Hazle quickly developed a strong personality that was very tender and very sweet, but also had an aspect of defiance. He knew that he wasn’t allowed in the living room or on the counters, but that didn’t always prevent him from going those places. However, huntil he became a crotchety old cat, he would look guilty and jump down or run away when he was discovered.
When he was young, he would periodically go wild, especially if you fed him catnip, toyed a string in front of him, or lay down on the ground with your head next to his paws. Mark was laying next to him once while he turned wild and he latched on to Mark’s head with all fours with his claws.
He also went through a stage where he would catch and kill birds and mice and leave them in the backyard. I learned the hard way that you could never be sure where he would leave them when I stepped on a mouse in my bare feet and felt its guts squeeze up between my toes. There was also an unfortunate episode where he caught a wild mouse and brought it inside, where it escaped.

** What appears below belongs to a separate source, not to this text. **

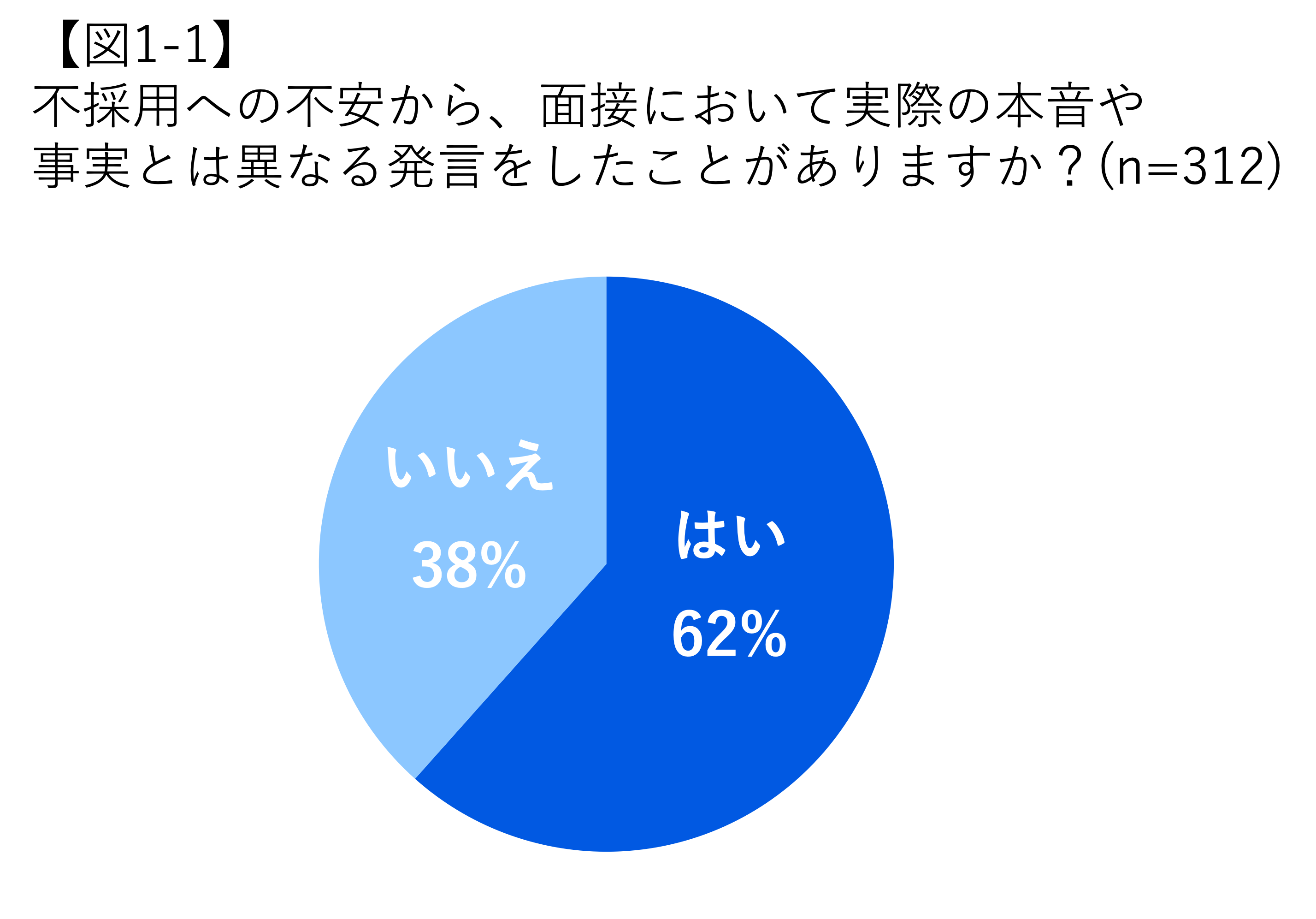 「不採用への不安から、面接において実際の本音や事実と異なる発言をしたことがある」と回答した学生は全体の62%にのぼりました。学生は、企業との対話の場であるはずの面接で、本音ではなく、企業が求める回答をしてしまうようです。

Hazle hated cars in his youth. Once, Mom got in the family van and started driving off on some errands when a tornado broke loose in the van. It turned out that someone had left a window open and Hazle had crawled inside and fallen asleep in a blanket he found there. He must have been pretty concerned when he woke up and found himself in a moving vehicle. Mom tried to talked to him gently to keep him calm while she turned around and took him home.
Hazle has been taken to school for show and tell a couple of times, too. He escaped in the school parking lot once, and Mark and I spent several minutes trying to coax him out from under the car and hoping that he wouldn’t run off.
During the summers, Hazle found a lot of entertainment from passing cars. On warm evenings, he would sit in the middle of the road, staring haughtily at anyone who walked by. Should a car chance to drive by, he would stare it down. The car would start going slower and slower, and since the cat wouldn’t move, eventually the car would come to a complete stop. Then the driver would often honk, and sometimes even get out of the car to physically move him. At this point, he would calmly and deliberately get up and walk slowly away, moving to a new spot in the road where he could wait for another car to come by.
Hazle has always been a good comfort cat. If anyone was every feeling sick or sad, before long, he would wander over to them and sit down on their lap. It’s possible that he was mostly interested in being held and getting petted, but he was also great for a lot of kids. Especially me. He got me through a lot of melancholy days in my teenagehood.
He was a tough cat, especially considering how little medical attention he received in his life. He got sick three times during the last seven years of his life that required veterinary attention, but he never got taken in for preventative care, and he never complained when he was sick, he just looked all droopy and stopped eating. But no caterwauling!